= Problem to solve =
Only the lines from the beginning of the entries through the one with "is of glass’." should be written out, please, exactly and without any pictures.

(Records from a data source)
[Start of section]
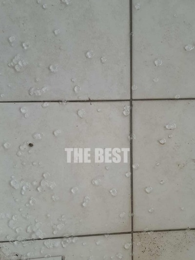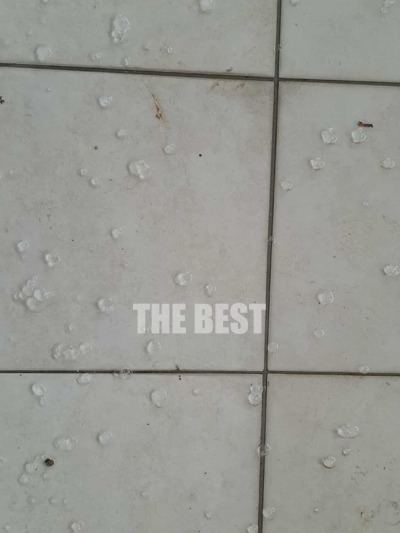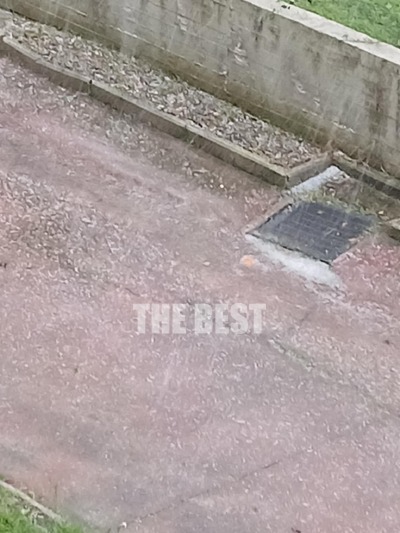 Μέσα σε λίγα λεπτά, δρόμοι, πεζοδρόμια και αυλές καλύφθηκαν από στρώματα χαλαζιού.
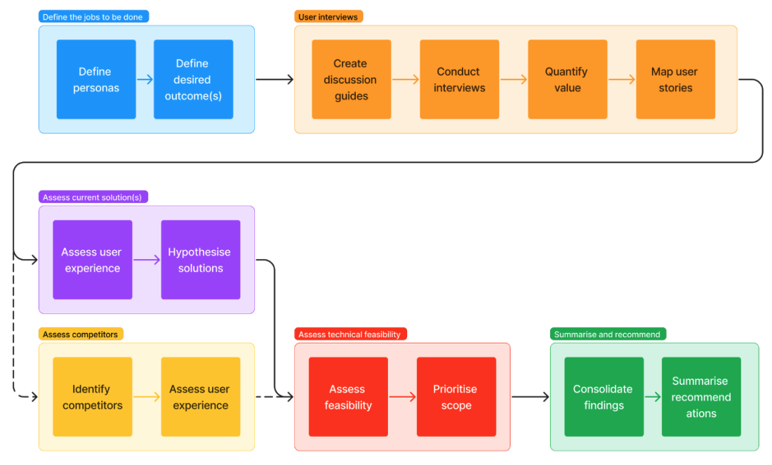 We needed to minimise the amount of time and number of people it took to confidently define user needs (without increasing the total hours worked per person, per week) so that we could minimise the risk of research or design becoming a bottleneck.
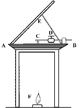 ‘An apparatus for observing the motions of waves excited, in a fluid poured into the trough AB, by the vibrations of the elastic wire C, loaded with the movable weight D; the shadow of the waves being thrown on a screen E and by the lamp F, through the bottom of the trough, which is of glass’.
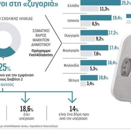 Η εσφαλμένη αντίληψη πολλών γονιών για το ιδανικό σωματικό βάρος που πρέπει να έχουν τα παιδιά, οι μεγάλες μερίδες της… γιαγιάς, αλλά και η απουσία χώρων που προάγουν τη σωματική δραστηριότητα, οδηγούν πολλά Ελληνόπουλα σε μια ζωή με καθημερινή «μάχη» με τη ζυγαριά. Ερευνα που έγινε στο πλαίσιο του ευρωπαϊκού προγράμματος Feel4Diabetes για την προώθηση υγιεινού τρόπου ζωής και την πρόληψη του διαβήτη, στην οποία συμμετείχαν παιδιά και οι οικογένειές τους από έξι χώρες ανέδειξε τα Ελληνόπουλα ως τα πλέον υπέρβαρα και παχύσαρκα, με το σχετικό ποσοστό να φτάνει το 36,5%. Οι υπέρβαροι γονείς έχουν συχνά και υπέρβαρα παιδιά, ωστόσο ακόμα και γονείς με φυσιολογικό βάρος «μπουκώνουν» τα παιδιά τους νομίζοντας εσφαλμένα ότι τα τρέφουν σωστά.
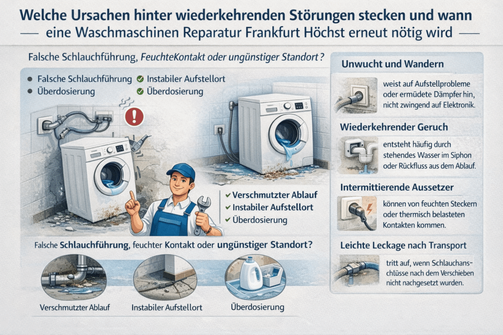 Wenn gleichzeitig ein Neuanschluss oder eine Umpositionierung des Geräts nötig wird, ist die Anschlusslogik wie bei waschmaschine anschließen frankfurt fachlich relevant, damit Zu- und Ablauf später nicht unter Spannung stehen oder knicken.
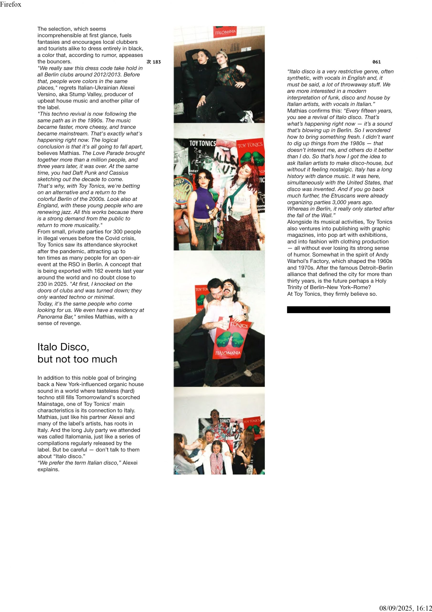 Toy Tonics is an independent music label and culture crew with international artists primarily based in Berlin.
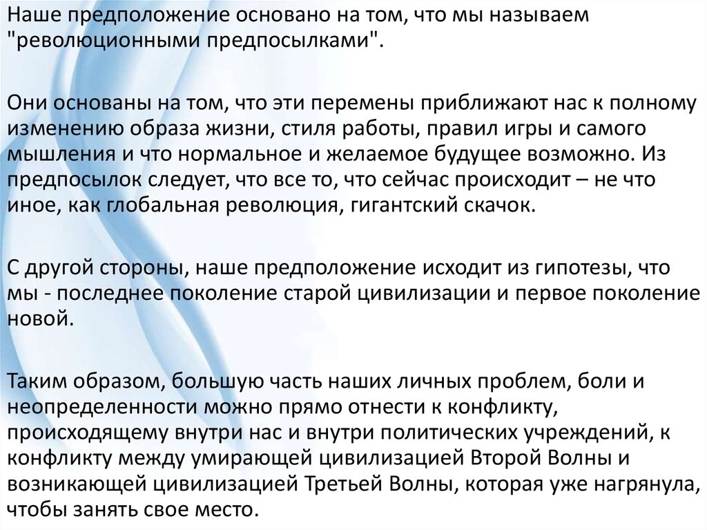 Наше предположение основано на том, что мы называем"революционными предпосылками".
[End of section]
= Response to the exercise =
 Μέσα σε λίγα λεπτά, δρόμοι, πεζοδρόμια και αυλές καλύφθηκαν από στρώματα χαλαζιού.
 We needed to minimise the amount of time and number of people it took to confidently define user needs (without increasing the total hours worked per person, per week) so that we could minimise the risk of research or design becoming a bottleneck.
 ‘An apparatus for observing the motions of waves excited, in a fluid poured into the trough AB, by the vibrations of the elastic wire C, loaded with the movable weight D; the shadow of the waves being thrown on a screen E and by the lamp F, through the bottom of the trough, which is of glass’.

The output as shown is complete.